Parents worry about the impact technology may have on their toddlers’ development. Our preschoolers are learning new skills quickly, and we don’t want them spending hours staring at an iPad. Adolescence is a crucial period of rapid growth. Unfortunately, too few people are paying attention to how teenagers’ use of technology affects them. It’s more intimate and intense than a 3-year old playing with his iPhone. Experts worry that teens are becoming more anxious and less self-confident due to the use of text messages and social media.

According to young people, there may be reasons to worry. The Royal Society for Public Health conducted a survey asking 14-24-year-olds in the UK about how social media platforms had affected their health and well-being.
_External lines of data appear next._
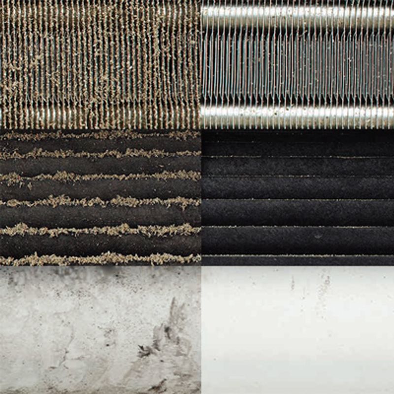 Reduces dust and greasy dirt from collecting in the air conditioner. Above is a simulation with & without a dual barrier over 10 years.
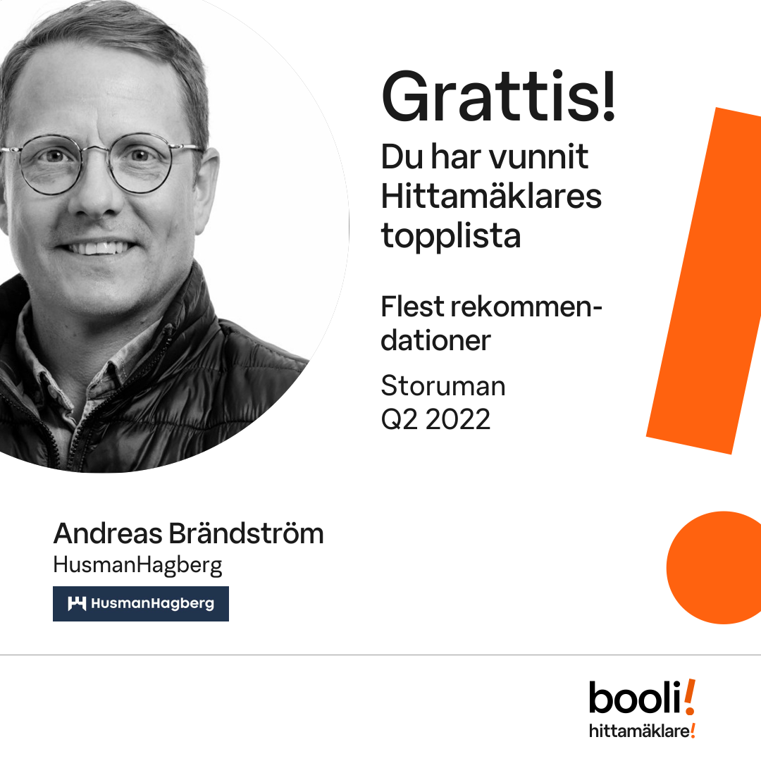 Statistik för publicerade bostäder, försäljningar och omdömen baseras på data från Booli. Statistiken för försäljningar avser inrapporterade och verifierade slutpriser från mäklare eller av Booli inhämtade och verifierade slutpriser. Statistiken för publicerade bostäder baseras på information som publicerats på Booli.se. Statistik för omdömen och rekommendationer baseras på omdömen från säljare som lämnats via Booli.
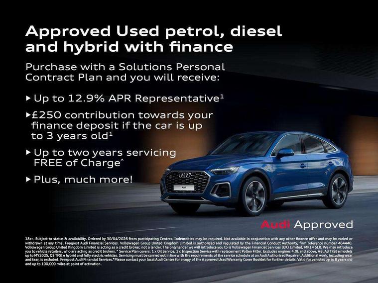 Audi connect safety and service (e-call), Audi drive select, Audi lane departure warning, Audi Virtual Cockpit - 10.25" display, Bluetooth interface, Camera based traffic sign recognition, MMI Navigation Plus with high resolution 10.1 inch touchscreen colour display, Power operated tailgate, Progressive steering, Service interval indicator, Smartphone interface includes wireless Apple carplay/Android Auto, Start stop system with recuperation, Voice control system with natural language interaction, 48V Mild hybrid technology, Sports suspension, 2 USB-C ports with charge and data functions, 6 passive loudspeakers, DAB digital radio module, Acoustic windscreen, Aluminium roof rails, Aluminium window trim, Auto dimming frameless rear view mirror, Body coloured bumpers, Electrically folding, adjustable and heated door mirrors with integrated LED side indicators and kerb view function for passenger side, Front and rear electric windows, Front fog lights, Front side air inlets in matt platinum grey, Front spoiler blade in matt platinum grey, Grille vertical bars in aluminium silver/Matt, High gloss black finish B and C pillars, LED headlights with LED daytime running lights and dynamic rear indicator, LED rear lights, Privacy glass dark tinted rear and rear-side windows (from B-pillar backwards), Rain and light sensors, Rear diffuser strip in matt titanium black, S line badges on front wings, S Line front and rear bumpers, Side skirt insert in matt Platinium grey, Silver chrome grille surround, Titanium black radiator grille, 12V socket in rear centre console, 40:20:40 folding with manual adjustment for 60:40 forwards/backwards position and backrest angle, Adjustable rear seat bench/backrest with centre armrest and cupholder, Black cloth headlining, Dual zone electronic climate control, Front and rear black floor mats with contrast stitching in rock grey, Front and rear headrests, Front and rear roof module including reading lights, Front centre armrest, Glove compartment lighting, Height and reach adjustable steering wheel, Illuminated door sill trims with S logo, ISOFIX child seat mounting for front passenger with airbag deactivation and outer rear seat including top tether attachment point for outer rear seats, Luggage compartment light, Manual front seats with height adjustment, Perforated leather gearknob, Stainless steel luggage compartment sill finisher, Stainless steel pedals, Non smoking pack - Q3, 3x3 point rear seatbelts, 6 airbags - Driver, front passenger, curtain and side windows, Audi pre-sense front with pedestrain and cyclist recognition, Electrically operated child locks on rear doors, Electromechanical parking brake, Electronic stabilisation control including ABS, ASR and EDL, Hill descent control, Hill hold assist, Pre sense basic, Seatbelt monitoring, Tyre pressure warning, Warning triangle and first aid kit, Anti theft alarm, Anti theft wheel bolts, Remote central locking, Dark matt brushed aluminium inlay, Detail dashboard around MMI touch colour display in glass look, black with surround in aluminium look, Leatherette door armrest, Tool kit, Tyre repair kit,
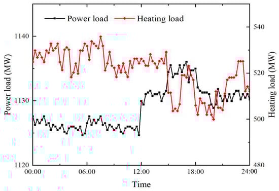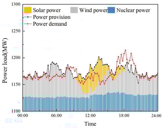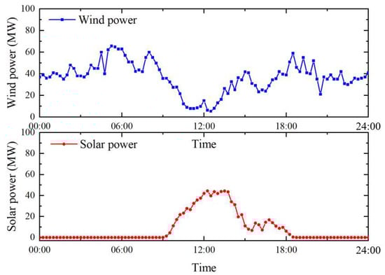 The energy system model studied consists of a wind power generation source, a solar photovoltaic power generation source, and a CHP nuclear power unit with TST. The real-time heating load and power load of the reference cogeneration unit on a typical day were selected as the boundary. Figure 5 shows the wind power data and the solar power data, and Figure 6 shows the real-time heating and power load of the reference unit.
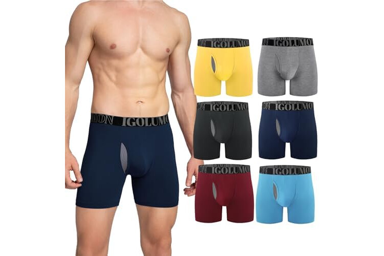 IGOLUMON Bamboo Mens Boxers Shorts Multipack Breathable Men’s Underwear Trunks Briefs with Fly

According to the survey, Snapchat, Instagram, Twitter, and Facebook all lead to higher levels of anxiety, depression, and poor body image, as well as loneliness.

Direct communication

Teenagers can keep themselves busy from after school to well into the night. Teens are always online, on their phones and texting. They share, trolling, scroll, tweet, and even share their homework when they’re not. While teens did have an Instagram account before everyone else, they found it easier to chat on the phone or in person while at the mall. Although it may seem like they were just wasting their time, what they were actually doing was trying new skills and succeeding in tiny, real-time interactions that many kids are missing. Modern teens learn to communicate with each other through screens.

“As a species, we are highly tuned to reading social cues,” Dr. Catherine Steiner Adair, a clinical psychologist who is also the author of The Big Disconnect says. There is no doubt that children are lacking essential social skills. Although texting and internet communication does not create a nonverbal learning disorder, it can place everyone in a nonverbal disability context where body language, facial expressions, and even the smallest vocal reactions are invisible.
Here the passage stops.